--- START ---

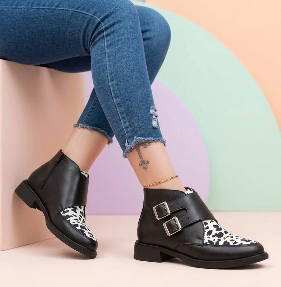 Botines, Negro, hueso, marron
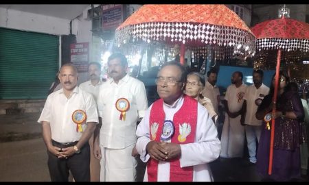 പാലാ :അലങ്കരിച്ച രഥത്തിലെ പരിശുദ്ധ ബൈബിളിന് പിന്നിലായി ആയിരക്കണക്കിന് മരിയ ഭക്തർ അണിനിരന്ന ളാലം പഴയ പള്ളിയിലെ മരിയൻ റാലി ശ്രദ്ധേയമായി.പാലാ അമലോത്ഭവ ജൂബിലി തിരുന്നാളിനെ അനുസ്മരിപ്പിക്കുന്ന രീതിയിൽ പട്ടണ...
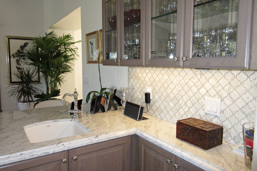 Transitional Carrera Marble Countertop Arabesque Backsplash

--- END ---

Without the pictures, please reproduce each line of the listing above exactly, from the first one through the line bearing "പാലാ :അലങ്കരിച്ച രഥത്തിലെ".

ANSWER SECTION:
 Botines, Negro, hueso, marron
 പാലാ :അലങ്കരിച്ച രഥത്തിലെ പരിശുദ്ധ ബൈബിളിന് പിന്നിലായി ആയിരക്കണക്കിന് മരിയ ഭക്തർ അണിനിരന്ന ളാലം പഴയ പള്ളിയിലെ മരിയൻ റാലി ശ്രദ്ധേയമായി.പാലാ അമലോത്ഭവ ജൂബിലി തിരുന്നാളിനെ അനുസ്മരിപ്പിക്കുന്ന രീതിയിൽ പട്ടണ...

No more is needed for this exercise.